Note: I wrote this article a while ago and this is a modified and expanded version.
Linux and most of the Linux applications are open-source
You can legally download, share, modify and use Linux applications because most of them are open-source and licensed under the GPL or another GPL-compatible license. This way, sharing is not prohibited like on Windows where you are not allowed to do it, so instead it's actually encouraged. Linux is all about free choices, from a freedom point of view, not price. You can sell software on Linux as well, and moreover, you can sell any GPL licensed application, even if you didn't create it.
Linux benefits from some wonderful projects like the GIMP, Apache, Amarok, OpenOffice.org, the kernel itself, all the GNU command line tools and other maintenance tools, entire desktop environments like KDE or GNOME, all for use freely and legally.
Hundreds of good distributions from which to choose from
A distribution is an entire operating system, just like Windows or Mac OS X. There are projects which take all the pieces of software out there, and together with the Linux kernel, put up an entire operating system, also called a Linux distribution, or GNU/Linux distribution. Such examples are Debian, Ubuntu, Mandriva, OpenSuSE, Fedora Core, Damn Small Linux, Slackware or Red Hat.

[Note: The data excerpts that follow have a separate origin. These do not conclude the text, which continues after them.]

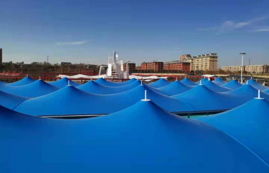 黑龍江鐵力經(jīng)開(kāi)區(qū)集市大棚膜結(jié)構(gòu)工程近日完工,大棚設(shè)計(jì)為尖頂張拉結(jié)構(gòu),采用白、紅、黃、藍(lán)、綠五色膜材,一排排一列列遍布于廣場(chǎng)之上,顯得十分壯觀。
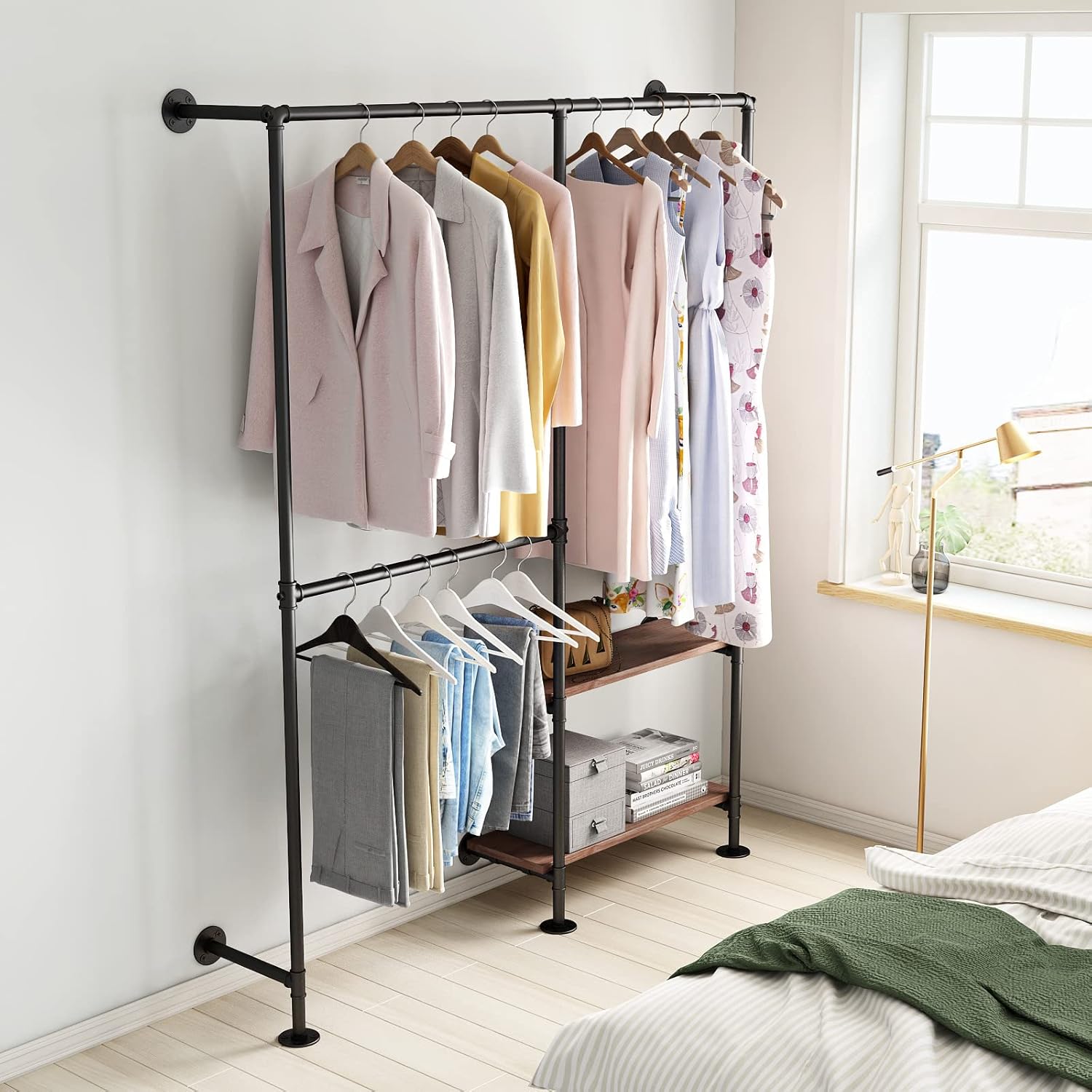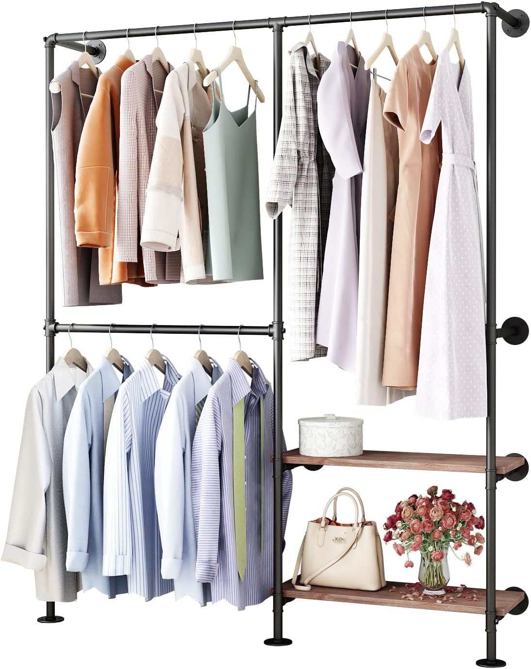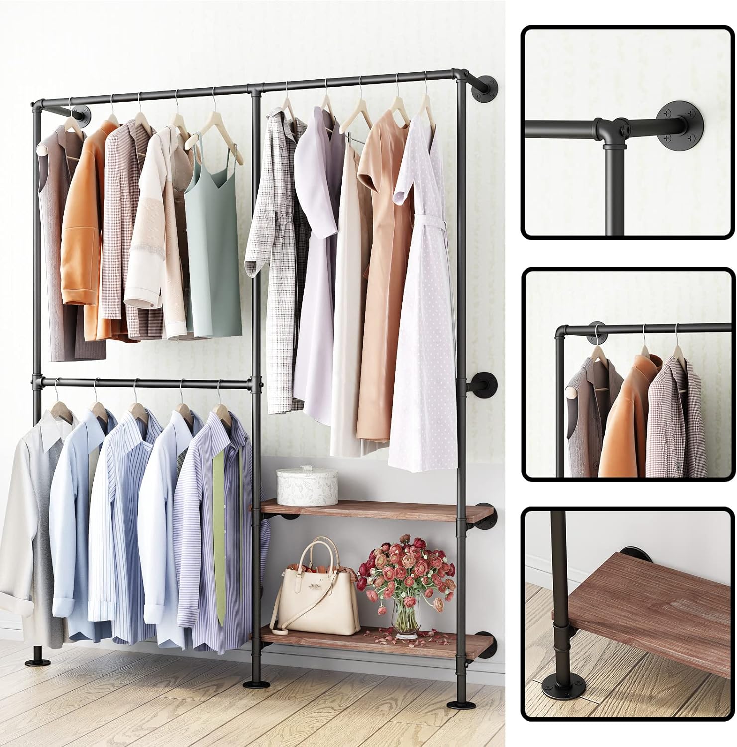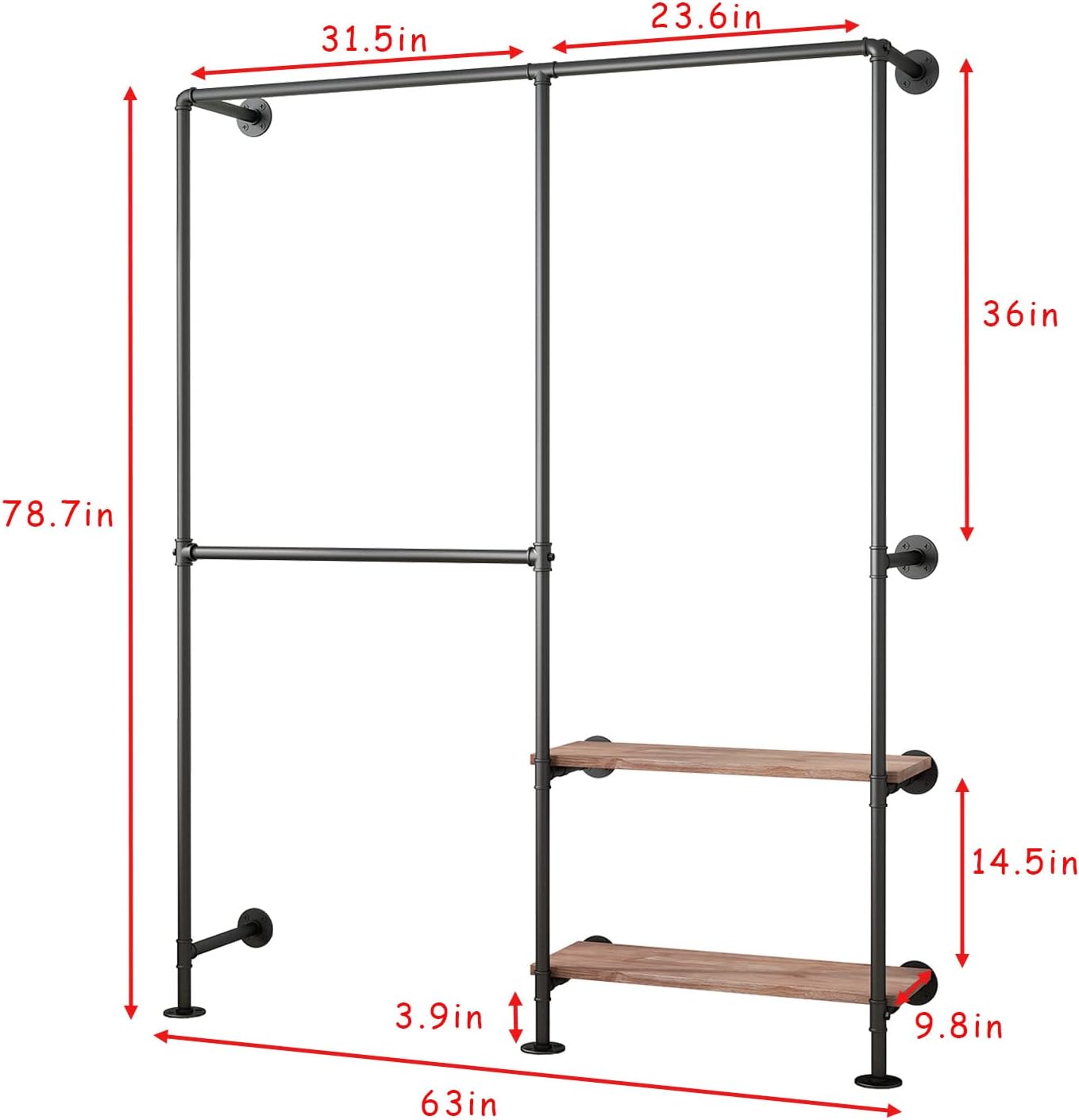 Industrial Pipe Clothes Racks with Black Shelves, Industrial Pipe Black Clothing Rack with Double Hanging Rods, Heavy Duty Wall Mounted Clothing Rack Rod for Closet Storage, Bedroom
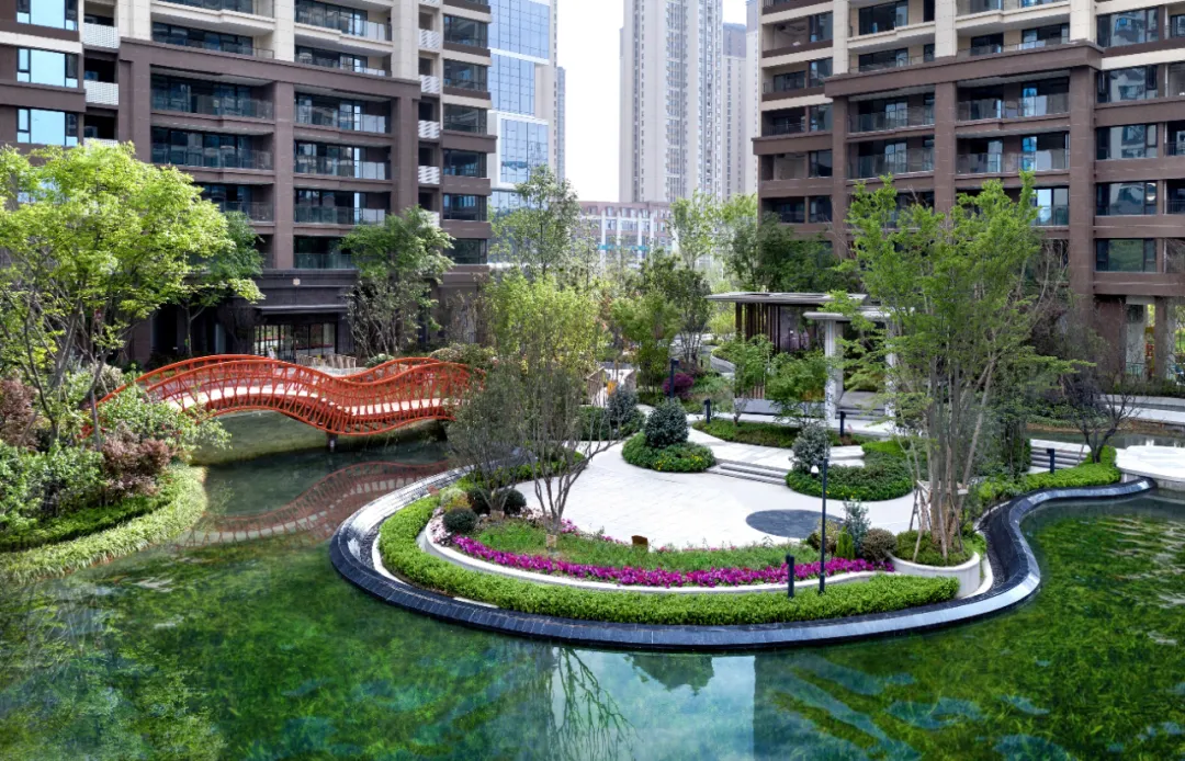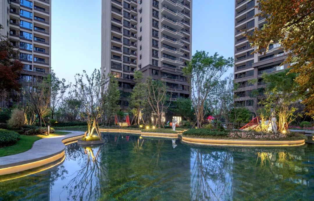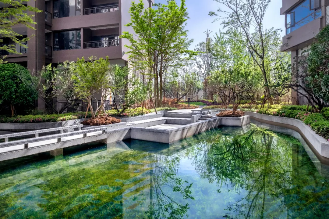 一池水,一片海,它是我們心中美好的水岸島居生活的一個真實夢境。設計師以現(xiàn)代的手法構圖溪岸,融合泛會所、溪流、湖心島等原生態(tài)水岸景觀,再現(xiàn)“岸梅溪春又生”的自然時尚居所,給人以森林般的水岸島居體驗,展現(xiàn)島居住宅和諧精緻之美。
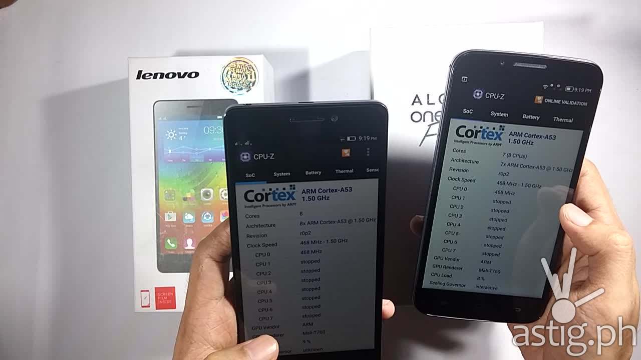 Both devices are supposed to be powered by a 64-bit octa-core ARM Cortex-A53 CPU running at 1.5 GHz, although our Alcatel ONETOUCH Flsh Plus unit only showed 7 cores with 8 CPUs.
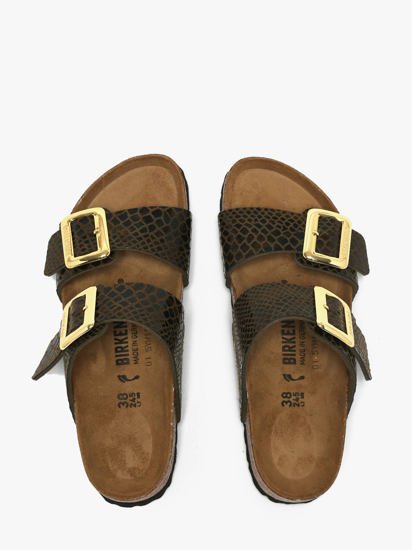 Les mules Sydney de BIRKENSTOCK prouvent qu’une sandale fonctionnelle peut aussi être élégante. Dotées de deux brides sobres, elles séduisent celles qui recherchent à la fois confort et style. Cette version au coloris Shiny Snake brillant apporte une touche d’extravagance avec son fini métallique irisé effet peau de serpent, inspiré de motifs naturels. Les boucles épaisses et brillantes aux bords arrondis, semblant matelassées, subliment le modèle. La tige est confectionnée dans une matière synthétique douce, tandis que le lit de pied anatomique en liège et latex assure un confort exceptionnel. La semelle de propreté en cuir velours et la semelle d’usure en EVA complètent cette mule raffinée et confortable, idéale pour un usage quotidien.

Linux was built with security in mind. Linux is not affected by viruses, spyware or other forms of malware software. Although some claim that there is no malicious software for Linux because it's not that widely spread as Windows, Linux by nature is more secure. It has a firewall integrated in the kernel and the fact that all of its components are open-source it helps developers to find security vulnerabilities fast and patch them. The code is there, opened for everyone to analyse it and eventually report if something is wrong. That is of course not the case with closed-source software, where security holes often remain undetected and opened for the first cracker to exploit them. The only security problem out there is constituted by users themselves, but this applies to any operating system. Never run commands which you don't know what they do and you'll stay safe.
Although the term free software means the code is available to legally study, modify and share it, you can sell the software at any given time, because the license allows it. Actually there are many people who take distributions, put them on CDs or DVDs and legally sell or mail it for money. But there are many good distributions which don't cost a thing, not even for downloading. Take Ubuntu, Debian or Fedora. And examples are countless.
Projects which are unmaintained can be forked
If a project is no longer maintained by its authors, then someone else can take the code and continue to develop it. Or fork it, to get something new, different. When Beep Media Player ceased to be developed, a new project, Audacious, was started, and it was based on the BMP code.
No patent restrictions
You don't have to worry about the legal aspect when you use open-source media files, like OGG Vorbis (a format similar to MP3) or FLAC (Free Lossless Audio Codec, used more and more over WAV due to smaller compression sizes). There is no fee you'll have to pay when using these formats, either for listening to music or in your software. Artists benefit from the OGG Vorbis codec as well.